Fig. 2. BAO signature obtained in the 2PACF by analyzing the sample in the redshift interval z ∈ [0.105, 0.115], with δz = 0.01. The bin size in this 2PACF is 1.25°, and we use 50 random catalogs with the same observational features as the galaxy catalog.

Fig. 3. Covariance matrix for the 2PACF obtained from Eq. (4) using the set of log-normal simulated maps (see Sect. 2.2).

4.1. Statistical significance

The statistical significance of the BAO angular measurement was obtained through the χ² method,

$$\begin{array}{c}\hfill {\chi }^2(\alpha )={[w-w^{\mathit{fit}}(\alpha )]}^T{\mathrm{Cov}}^{-1}[w-w^{\mathit{fit}}(\alpha )],\end{array}$$(5)

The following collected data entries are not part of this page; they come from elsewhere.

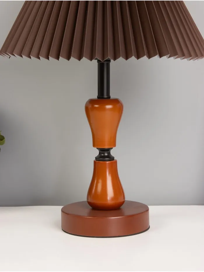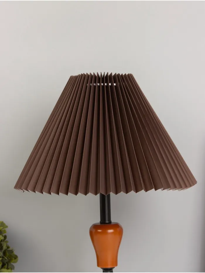 Стильный настольный светильник с абажуром станет отличным акцентом в вашем интерьере. С высотой 40 см и размерами 27х27 см, он прекрасно вписывается в любое пространство, создавая уютную атмосферу. Коричневое и черное основание из металла и дерева в сочетании с темным абажуром придает изделию современный и элегантный вид.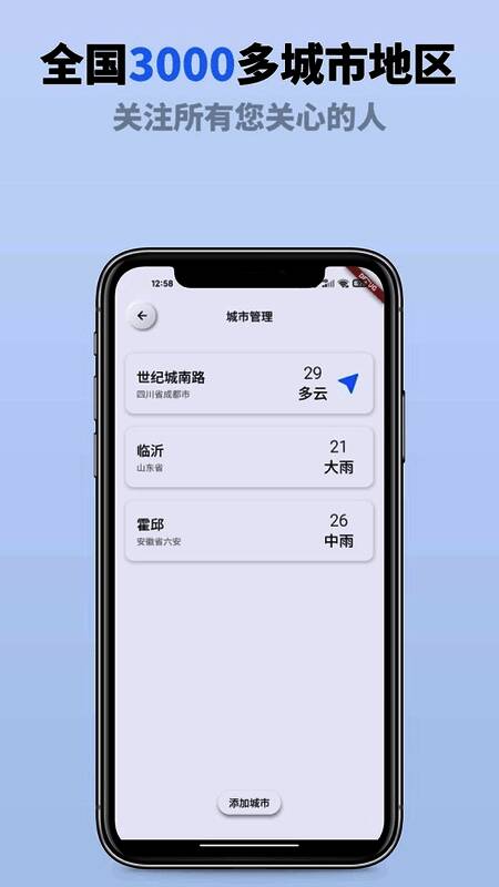 通过这个软件,你可以第一次了解天气和温度的变化,PM2.5的空气质量会随着时间的推移而变化,一旦有风吹草动,你可以立即查询。我们可以同时将多个不同的城市添加到您的手机中,这样您就可以在不切换的情况下立即了解相关的不同场景,您还可以添加需要在软件上完成的各种任务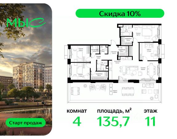 Прямая продажа от застройщика. Продаётся 2-комнатная квартира общей площадью 82.27 м² без отделки в премиальном жилом комплексе "МЫС" на 9-м этаже 12 этажного дома. Квартира расположена в корпусе "Сибирь". Проект МЫС — это, прежде всего, идеальное место для семей. В рамках проекта построят государственную школу, два детских сада и дворец спорта площадью 20 000 м2 с термальным комплексом, выплывным бассейном, фитнес-залом, теннисными, сквош и падел кортами и секциями для детей. На территории площадью, сравнимой с тремя парками Зарядье, появятся кафе и рестораны, пруд с набережной, спортивные и детские площадки, скейт-парк, лыжные и веломаршруты. Расположение: - 2 минуты до скоростной трассы М1 и Минского шоссе; - 10 минут до МКАД; - 15 минут до МЦД Лесной Городок - 20 минут до делового центра "Москва-Сити"; - 28 минут до аэропорта "Внуково". Благоустройство: - велосипедные и лыжные маршруты; - собственная набережная и парк; - лаунж-зоны в окружении природы; - беседки у очага; - дворец спорта площадью 20 000 м²; - термальный комплекс с тремя бассейнами; - 4 теннисных и падел-корта; - 6 сквош-кортов; - многофункциональный спортзал; - скейт-парк; - просторная площадь для прогулок с фонтаном; - детский клуб с творческими секциями; - гастро-доминанта; - кафе у пруда, рестораны, ритейл. Окружение - соседство с лесным фондом; - школа на 1250 мест и 2 детских сада на 350 и 255 мест; - Дубковский и Подушкинский леса, парк "Рассказовка", Мещерский парк. Действуют специальные условия при 100% оплате, подробности уточняйте у менеджера в офисе продаж.
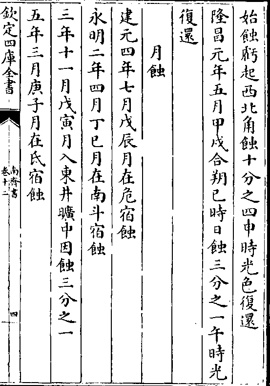 始蚀亏起西北角蚀十分之四申时光色复还隆昌元年五月甲戌合朔巳时日蚀三分之一午时光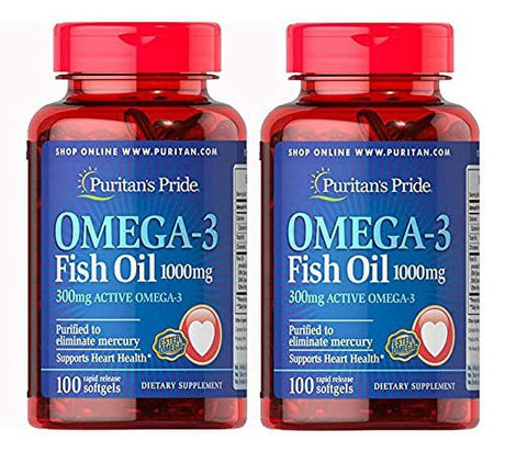 Puritan'S Pride Omega-3 Fish Oil 1000Mg (300Mg Active Omega-3) Softgel 2 Pack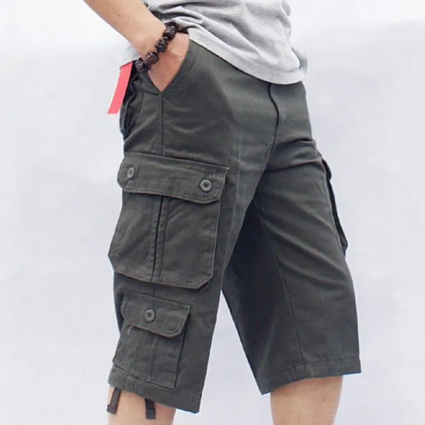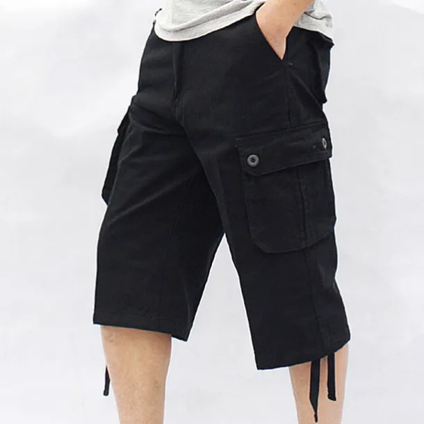 Men’s Capri Cargo Shorts Leg Drawstring Multi Pocket Plain Calf-Length Streetwear Classic Style Black Army Green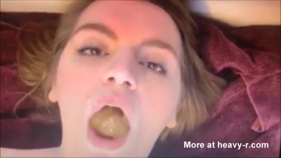 Seductive brunette girl eating shit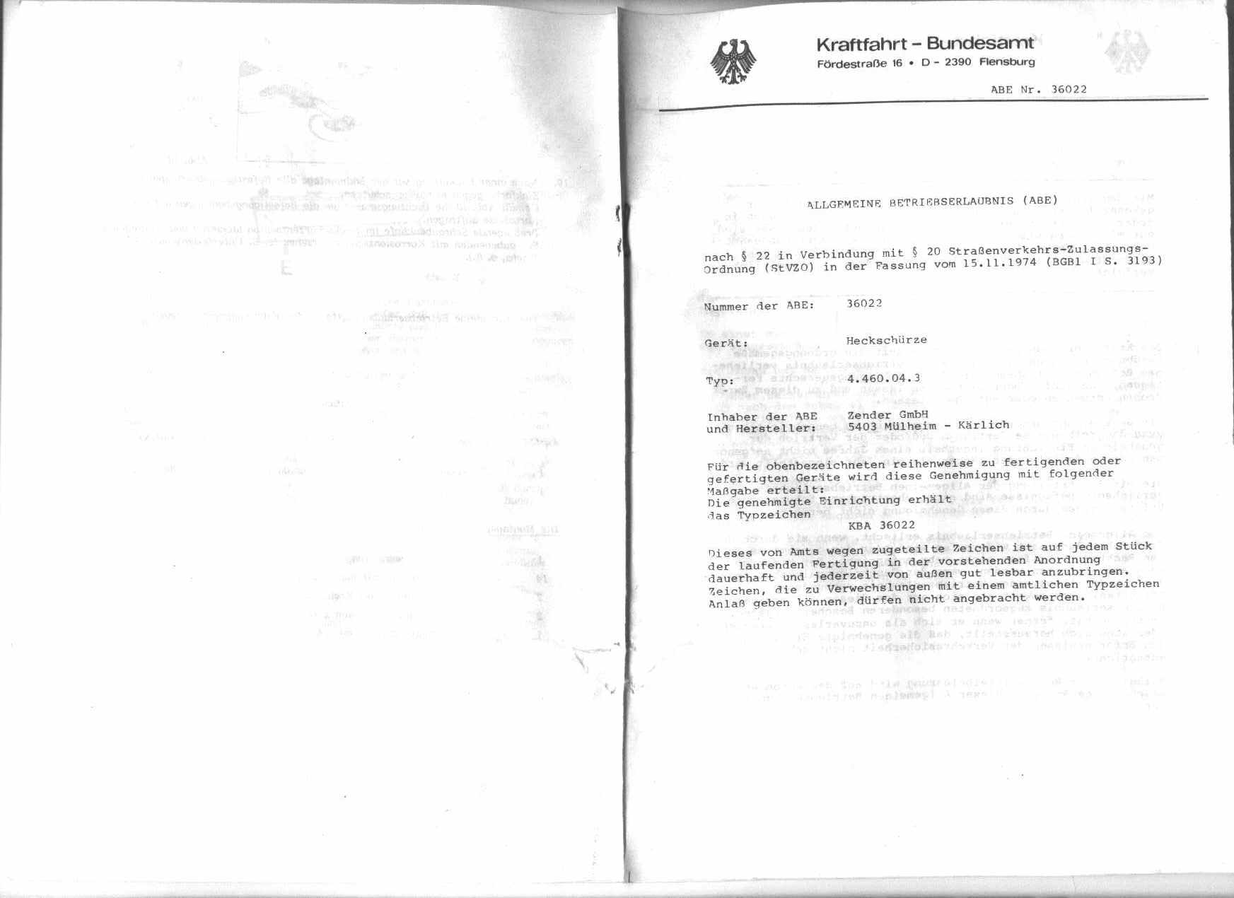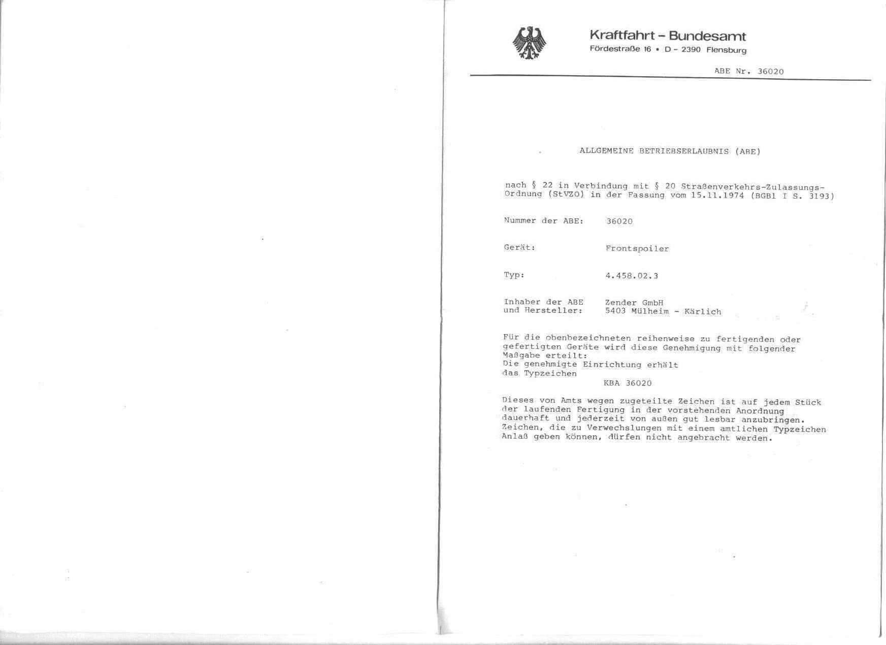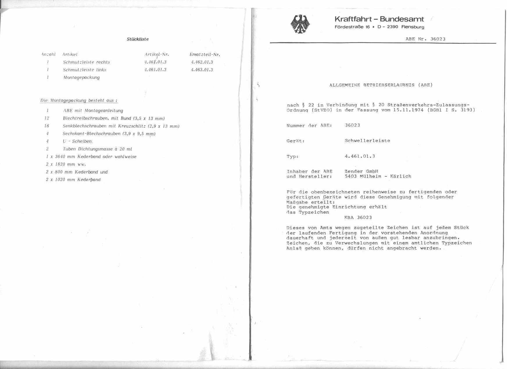 - Thema: Suche ABE/Unterlagen Kamei + Zender

where we used the inverse of the covariance matrix, Cov, estimated as described in Sect. 3.2 and shown in Fig. 3. The symbols [ ] and [ ]^T represent column vectors and row vectors, respectively.

Following de Carvalho et al. (2018), we adjusted the parameters of Eq. (3) based on the minimum χ² method for α ∈ [0.85, 1.25], which is called the scale dilation parameter, for two cases: considering C as free parameter, C ≠ 0 (${\chi }_{\min }^2=13.13$), and imposing C = 0 (${\chi }_{\min }^2=22.06$), where ${\chi }_{\min }^2$ corresponds to α_min = 0.996, the latter case representing the non-BAO case. Table 1 shows the best-fit parameters obtained considering α = 1.

As a result, the best-fit⁴ of the non-BAO case (16 degrees of freedom, d.o.f.), compared to the BAO case (13 d.o.f.), is disfavored by Δχ² = 8.93. Therefore our BAO angular detection has a statistical significance of 2.2σ, which is compatible with the distance of the C parameter from zero.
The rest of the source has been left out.